WHAT INDUSTRY DO YOU FEEL THE HALAL ECONOMY HAS YET TO TAKE FULL ADVANTAGE OFF?

Each and every industry that involves the Muslim community should fall under the purview of being Shari’ah compliant. The Islamic economy is still growing, there are many untapped markets, and this will change as the average Muslim consumer has better knowledge, and a larger disposable income. With the increase of Muslims travelling further and settling in non - Muslim countries, we see them developing the amenities needed to thrive. From Halal restaurants and supermarkets, to Halal vacation destinations as well as Educational curriculums that focus on the Islamic economy at University level and beyond – the industry is really flexing its creative muscle, and I’m sure this is only the beginning.


HOW IS THE MALAYSIAN ECONOMY COPING WITH THE FALLING OIL PRICES?

Malaysia’s oil and gas export prices are at premiums to import prices. On top of the surplus in oil and gas trade, the export prices of Malaysia’s oil and gas are at premiums to the import prices of oil and gas.
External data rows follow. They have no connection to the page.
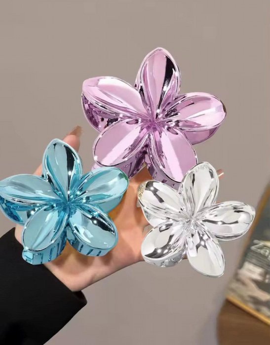 Pinza de flor en color metálico, un accesorio elegante y moderno para el cabello, que aporta un toque sofisticado y brillante a cualquier peinado.
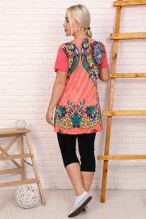 Летняя туника из масла. Короткие рукава, свободный покрой, декорированная горловина.
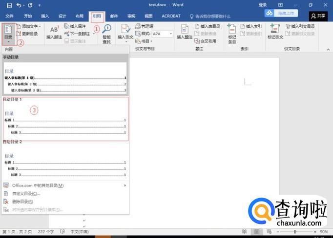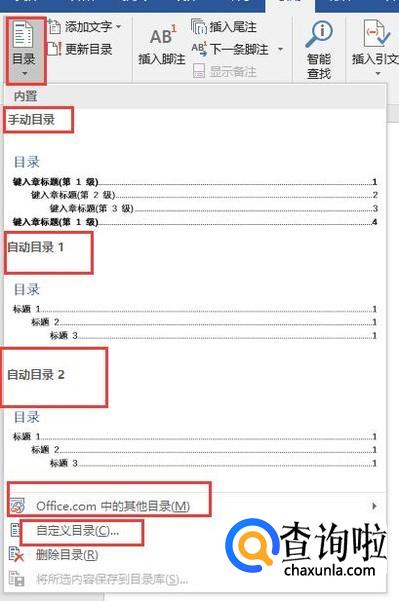 点击目录,它的下拉列表中有手动目录、自动目录1、自动目录2等,还可以添加自定义目录。这里以手动目录与自动目录为例说明一二。
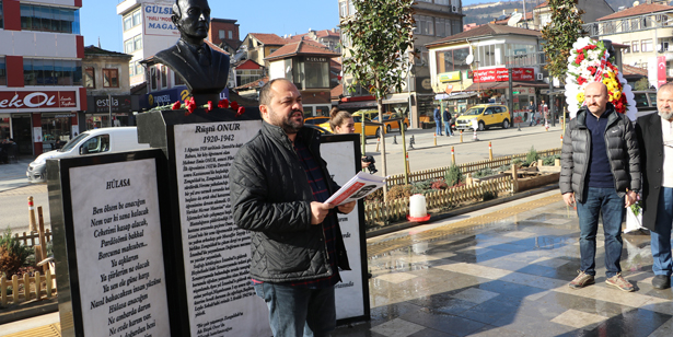 Rüştü Onur'un büstüne çelenk sunumuyla başlayan törene saygı duruşuyla devam edildi. Törende konuşan şair-yazar İbrahim Tığ, Devrekli şair Rüştü Onur'u vefatının 75. yılında saygıyla andıklarını söyledi.
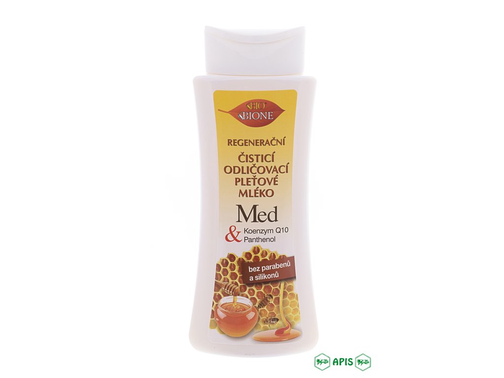 Čistící a odličovací pleťové mléko s medem je vhodné ke každodennímu odlíčení a hloubkovému vyčištění pleti. Mléko je vyrobeno jako velmi lehký, moderní emugel, s minimem dráždivých emulgátorů. S přídavkem pravého včelího medu. Med obsahuje enzymy a vitamíny. Je známo, že již Kleopatra používala med jako zkrášlovací pleťovou masku. Přípravek je doplněn o zklidňující allantoin. Koenzym Q10 optimalizuje přirozené buněčné dýchání, tím podporuje tvorbu kolagenu a elastinu, potlačuje tvorbu vrásek. Použití: Na odličovací tampon naneste mléko a opakovaným otíráním pleť vyčistěte. Pro dokonalé dočištění a vyživení pleti použijte následně pleťové tonikum BIONE s medem. Přítomný koenzym Q10 je oblíbenou složkou se známou protivráskovou účinností, med pokožku zjemňuje, glycerin a panthenol jsou známé hydratační složky. Řada Bione Med+Q10 je určena pro normální, suchou, zralou a citlivou pleť. Jedná se o produkty v bio kvalitě s přídavkem pravého včelího medu, propolisu a mateří kašičky. Vysoký obsah antioxidantů (resveratrol a vitamín E) zpomaluje stárnutí pleti a vznik vrásek vlivem volných kyslíkových radikálů. Panthenol a glycerin hydratují. Allantoin, mateří kašička, med a koenzym Q10 účinně regenerují a vyživují pleť. Q10 je protivráskově aktivní a optimalizuje buněčné dýchání. Vitamíny a bambucké máslo pleť zvláčňují, zjemňují a vyživují. Krémy Bione jsou vyrobeny na bázi lipofilní akrylátové matrice. Jsou výjimečně jemné, nedráždivé, lehce roztíratelné a snadno vstřebatelné. Bio kosmetika značky Bione obsahuje: ▪ suroviny a materiály převážně z obnovitelných přírodních zdrojů▪ snadno biologicky odbouratelné suroviny bez nežádoucích vlivů na přírodu a bez nebezpečných reziduí poškozujících životní prostředí▪ suroviny bezpečné pro zdraví uživatelů▪ jednoduché a snadno vyrobitelné suroviny bez významnějšího vlivu na životní prostředí v průběhu jejich výrobního procesu▪ jednoduché a zároveň účinné receptury omezující nadbytečnou spotřebu chemických produktů (mnohdy bez smysluplných účinků) Bio kosmetika značky Bione neobsahuje: ▪ volné ropné uhlovodíky (parafin, minerální oleje atd.)▪ silikony▪ parabeny▪ tenzidy SLS a SLES▪ ftaláty▪ lanolin▪ obtížně biologicky odbouratelné tenzidy▪ dráždivé parfémy a dráždivé parfémové komponenty▪ neionogenní emulgátory▪ látky způsobující eutrofizaci vod▪ látky způsobujících remobilizaci težkých kovů▪ zvířecí produkty s výjimkou včelího vosku a hydrolyzátu z ovčí vlny▪ obtížně biologicky odbouratelné etoxylované sloučeniny▪ produkty konzervované ionizujícím zářením▪ dle platného závazného nařízení EU je zakázáno provádění jakýchkoliv testů na zvířatech pro účely kosmetiky, toto se vztahuje jak na finální produkty tak i na všechny kosmetické surovinyDoplňkové parametry
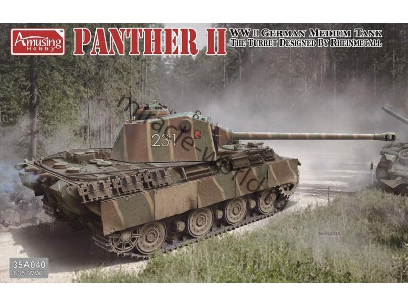 Сборная модель немецкого среднего танка "Panther II" с башней от Rheinmetall в масштабе 1/35 от фирмы Amusing Hobby (артикул 35A040).
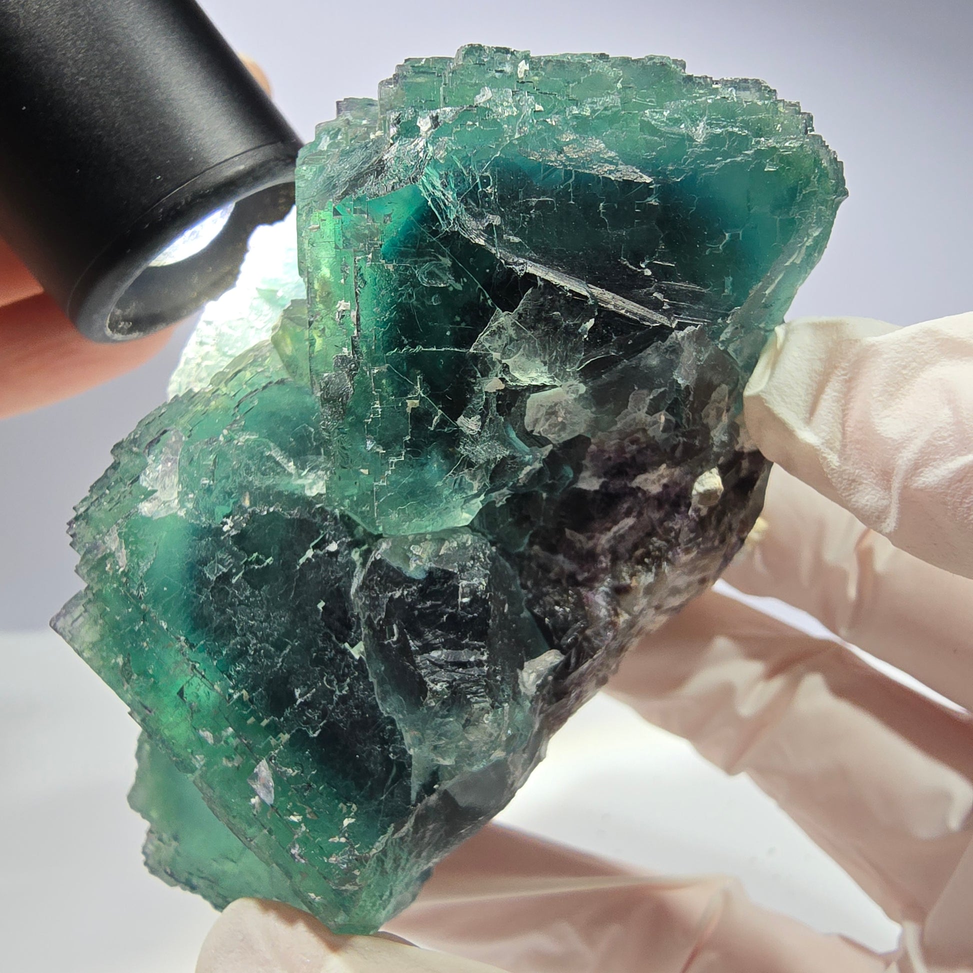 Das Exemplar misst 90×67×64 mm, wiegt 498 g und stammt aus Okorusu, Namibia – einem weltweit bekannten Fundort für hochwertige Fluorite. Die einzigartige Kristallstruktur und die klare Farbgebung unterstreichen die außergewöhnliche Qualität dieses Minerals.
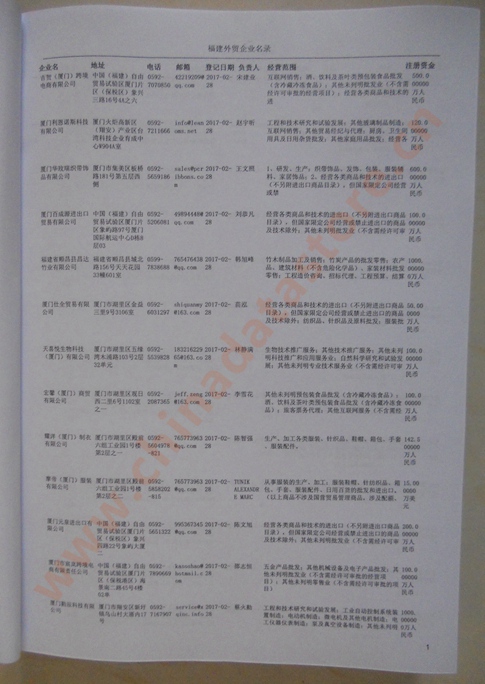 廈門外貿企業黃頁包括:外貿企業名稱、地址、電話、傳真、郵箱、經營范圍、注冊資金等信息。
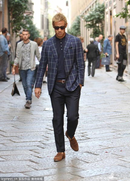 当地时间2014年10月21日,意大利米兰,本田圭佑出街购物,格子外套黑超遮面帅气有型。
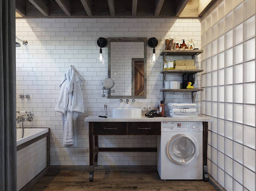 В индустриальном стиле ванную прячут за полупрозрачными панелями. Оригинально смотрится кабина, оформленная под заводскую душевую. Вместо привычной мебели дизайнеры советуют использовать стеллажи. Стиральную машинку монтируют у основания стойки.
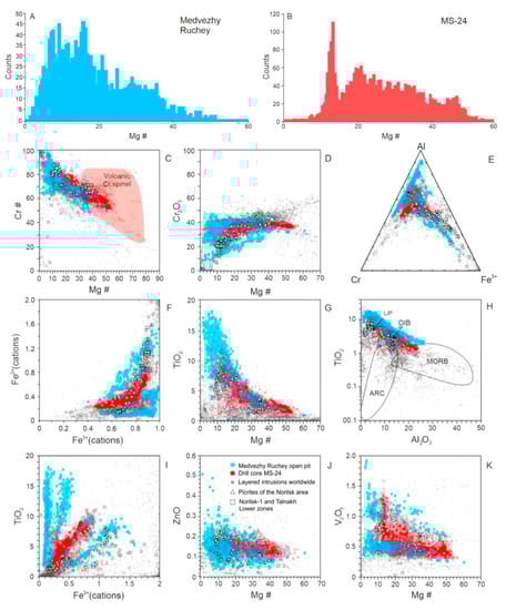 - Barnes, S.J.; Kunilov, V. Spinels and Mg ilmenites from the Noril’sk 1 and Talnakh intrusions and other mafic rocks of the Siberian flood basalt province. Econ. Geol. 2000, 95, 1701–1717. [Google Scholar] [CrossRef]

Technically, the positive price gap add to the positive trade gap to ensure the oil and gas trade surplus is intact by minimizing the net trade effect of lower crude oil prices and the knock on effect on gas prices.  Being a trade oriented economy; the prices may not have as adverse effect on us as it would on one fully reliant on energy export.


WHAT IS YOUR ECONOMIC VISION FOR MALAYSIA IN THE NEXT five YEARS?

The same as every other Malaysian- a self-sufficient industrialized nation by the year 2020, encompassing all aspects of life, from economic prosperity, social well-being, world class education, political stability, as well as psychological balance. The government is constantly revisiting the national vision and updating, modernizing and changing it to fit this new world. Reforms include the 1Malaysia concept, the Government Transformation Program, the New Economic Model and the Tenth Malaysia Plan. They represent the key initiatives to drive Malaysia forward as a modern, inclusive and high-income society by 2020. The Government Transformation Program aims to reduce crime and corruption as well as to raise the standard of living for low-income households, improve rural infrastructure and urban public transport. We are seeing results: The overall crime index has dropped by 15% from the first quarter of 2010, and is decreasing steadily.


WHAT ROLE CAN/DO THE INDIVIDUAL ROYAL MALAYSIAN FAMILIES PLAY?

I believe that every royal house has a duty first and foremost to its people, and that duty determines the roles they must play. Whether it is to facilitate investment via infrastructure, tourism, universities – whatever and however a state can cater to the masses – the ruling families must be aware of.  In this modern age, the royal families act as a link between the people and the government, or between different factions between the people themselves. It is their responsibility to remain neutral, righteous and above all fair. That is the greatest role, and responsibility of Royalty.